Metastasized breast cancer often drives osteolytic lesions which are due to increased bone resorption as a result of unbalanced activities between bone stromal cells. This process of bone resorption releases multiple factors such as insulin-like growth factor (IGF), fibroblast growth factor (FGF) and substantial amount of transforming growth factor beta (TGF-β), which are often stored in the bone matrix[176]. TGF-β induces secretion of paracrine factors including parathyroid hormone-related protein (PTHrP) and interleukin 11 (IL-11) which promote osteoclast maturation. Additionally, cancer cells express tumor necrosis factor alpha (TNFα), chemokine (C-C motif) ligand 2 (CCL2), soluble intercellular adhesion molecule 1 (sICAM1), soluble vascular cell adhesion molecule 1 (sVCAM1), matrix metalloproteinases (MMPs), and Jagged 1 (JAG1), which foster more osteoclastogenesis[177]. This will perpetuate malicious cross-talk between degenerating bones and growing tumors thereby promoting bone loss. Clinical data suggest a strong association between bone loss prevention and decreased bone metastasis in postmenopausal, but not premenopausal women, indicating a role of ERs in bone metastasis[178]. Further, ERα-positive cancer cells had almost 5-fold increased bone colonization in ovariectomized mice when compared to control mice[179,180]. These results suggest a protective role of estrogen in bone, but the role of ERs remains to be clarified (Figure 2).
Figure 2

Role of ERs in bone metastasis

ERα is a predominant driver of primary tumor formation from normal mammary glands. ERα regulates several EMT factors to drive metastasis but this seems to require E2. Some of these metastatic effects may be attributed to ER mutations. Circulating tumors often disseminate to bone and form micro-metastatic niches by interacting with osteoblasts. Factors such as IL-6 cytokine leukemia inhibitory factor (LIF) promotes cell dormancy. Several other factors involved in cell-cell adhesion (Cadherins and integrins) may be ER-regulated. Increased bone macro-metastases following E2 treatment suggests a role of ERs in tumor reactivation and growth.

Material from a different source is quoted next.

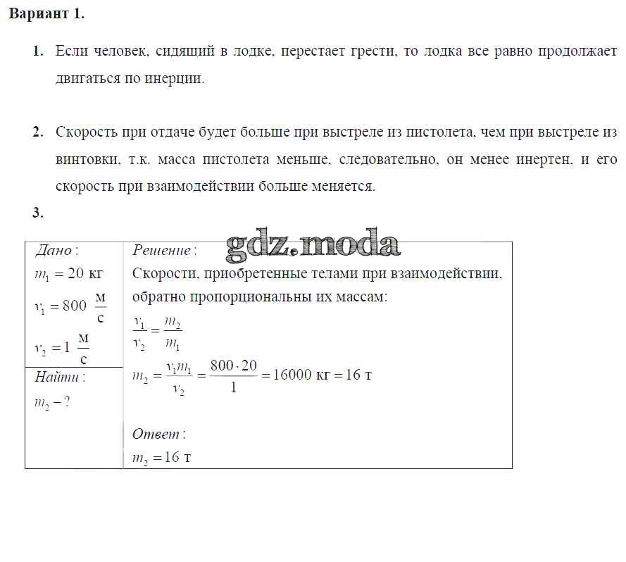 ОТВЕТ на задание № Вариант №1 Дидактические материалы по Физике 7 класс Марон Вертикаль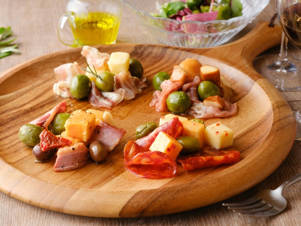 種類[帕切塔]:正宗油醃風味,簡單搭配紅酒就能享受高雅美食。[辣味薩拉米] 辣味薩拉米:拿坡里風格薩拉米,搭配兩種起司、橄欖,以紅辣椒油醃製,風味濃郁。[煙燻卡秋卡瓦洛起司&生火腿] :煙燻卡秋卡瓦洛起司、無亞硝酸鹽熟成生火腿,搭配切里尼奧拉橄欖,浸泡在橄欖油中,香氣十足。[煙燻鴨胸] :使用京都鴨胸煙燻後,搭配起司、風乾番茄與棕色橄欖,以香草油醃製,風味層次豐富。

Clinical implication of ER and current therapeutic options

The majority of luminal cancers display bone metastasis often accompanied with intense bone pain and pathological fractures[181]. Bone pain management may require complex treatment especially when neurologic pains are involved[182]. Breast metastatic tumors are known to induce bone resorption as bone fractures considerably increase. Factors involved in breast cancer treatment may also contribute to rapid bone loss in patients. Therapies such as ovariectomy or aromatase inhibitor treatment including letrozole and exemestane promote bone weakening due to the inhibition of estrogen-dependent ER activity[183]. Ultimately, these cancers often become resistant to hormonal treatment. Many of the recurrent tumors develop ER-independent survival mechanism or acquire ER mutations which make the receptor constitutively active. New therapies are being investigated to reduce side effects of ER inhibition on bones. One solution has been the use of selective estrogen modulators (SERM) with less deleterious effect on bones. For instance, tamoxifen exhibits some bone protective roles which contrast with its anti-estrogenic activity in breast. In contrast, the selective estrogen receptor degrader (SERD) fulvestrant induces ER degradation in both bone and breast, leading to bone weakening which may significantly increase the risks of bone metastasis and promote cancer progression. The use of these therapies in clinic makes imminent the need to elicit the mechanisms underlying ER ligand effects in bone with regard to ER isoforms since both ERα and ERβ represent potent targets mediating ER signaling in bone (Figure 1). More recently, a new class of SERM/SERD hybrid drugs developed to reduce side effects and increase efficacy in breast cancer, showed ER agonist effects in bone[184]. Another way to reduce ER-dependent bone loss has been the association of anti-resorptive drugs such as bisphosphonates to hormonal therapy. Bisphosphonates decrease bone loss by inhibiting osteoclastogenesis and inducing cell death. More anabolic drugs such as teriparatide are also used for their potential to rescue bone loss. Although these drugs are well used, the clinical outcome of patients can significantly improve if we get a better understanding of their mode of action.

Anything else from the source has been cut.